■ **Dataset extract**:
Start of Block
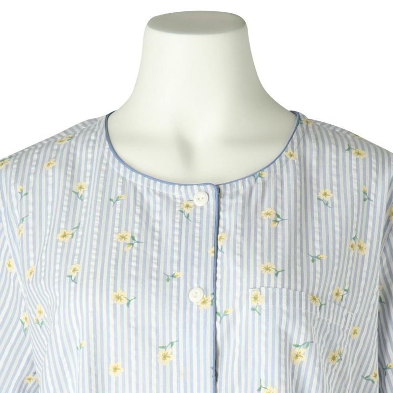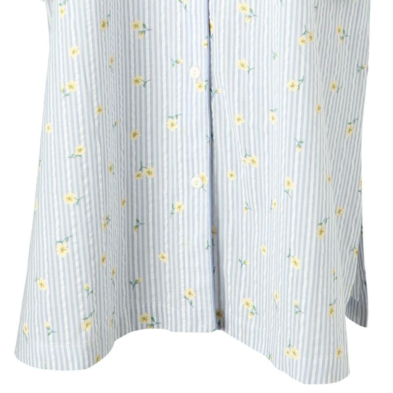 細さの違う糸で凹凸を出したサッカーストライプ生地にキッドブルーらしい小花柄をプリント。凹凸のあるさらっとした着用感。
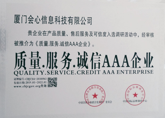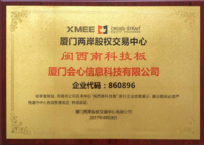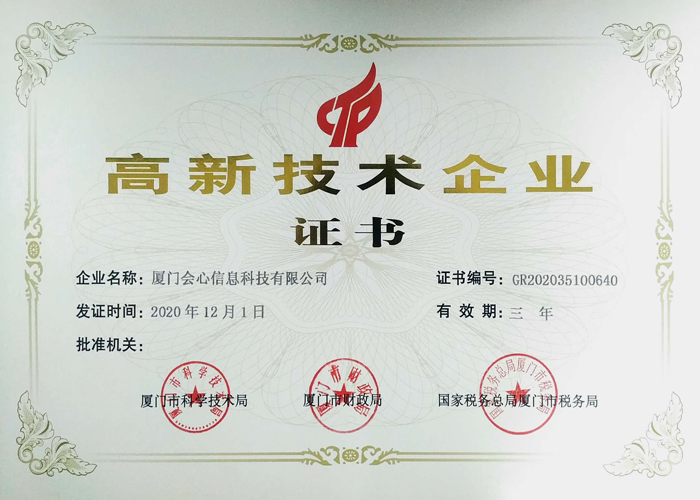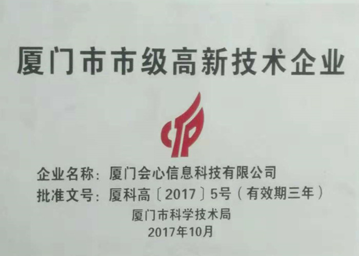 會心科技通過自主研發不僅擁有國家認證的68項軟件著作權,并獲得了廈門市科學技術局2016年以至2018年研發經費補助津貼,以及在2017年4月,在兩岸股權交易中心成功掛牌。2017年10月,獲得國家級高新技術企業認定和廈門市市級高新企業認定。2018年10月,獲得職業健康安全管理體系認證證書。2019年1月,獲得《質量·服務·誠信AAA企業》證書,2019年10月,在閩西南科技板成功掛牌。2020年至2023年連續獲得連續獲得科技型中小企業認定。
End of Block
Start of Block
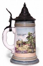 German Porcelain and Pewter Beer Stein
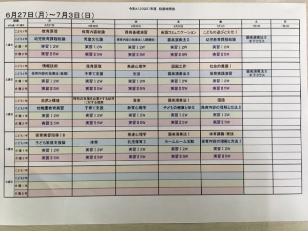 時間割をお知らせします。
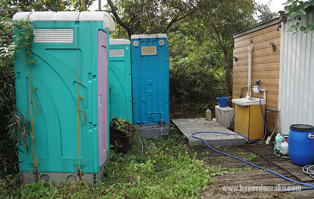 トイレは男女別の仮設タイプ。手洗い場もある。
End of Block
Start of Block
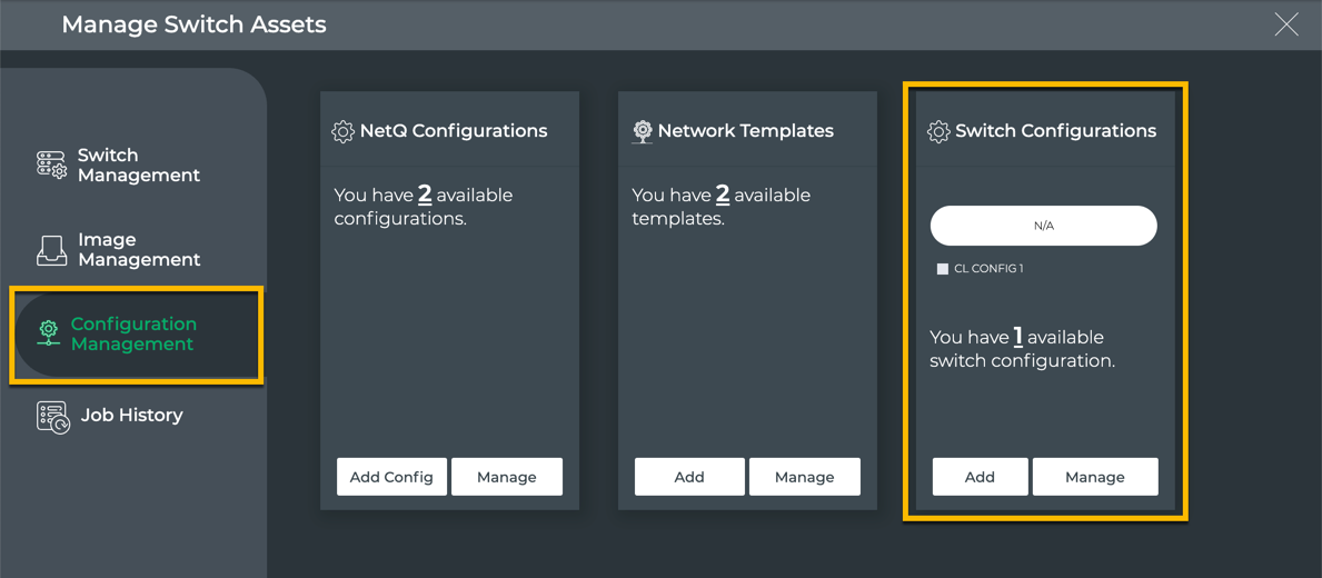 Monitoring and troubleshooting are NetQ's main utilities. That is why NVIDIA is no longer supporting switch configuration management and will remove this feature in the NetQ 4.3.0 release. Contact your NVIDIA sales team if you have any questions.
End of Block
In the records above, find the line with "細さの違う糸で凹凸を出したサ" and the line with "會心科技通過自主研發不僅擁有"; please transcribe exactly those two lines and all lines between them, omitting any picture.

■ **Answer to this exercise**:
 細さの違う糸で凹凸を出したサッカーストライプ生地にキッドブルーらしい小花柄をプリント。凹凸のあるさらっとした着用感。
 會心科技通過自主研發不僅擁有國家認證的68項軟件著作權,并獲得了廈門市科學技術局2016年以至2018年研發經費補助津貼,以及在2017年4月,在兩岸股權交易中心成功掛牌。2017年10月,獲得國家級高新技術企業認定和廈門市市級高新企業認定。2018年10月,獲得職業健康安全管理體系認證證書。2019年1月,獲得《質量·服務·誠信AAA企業》證書,2019年10月,在閩西南科技板成功掛牌。2020年至2023年連續獲得連續獲得科技型中小企業認定。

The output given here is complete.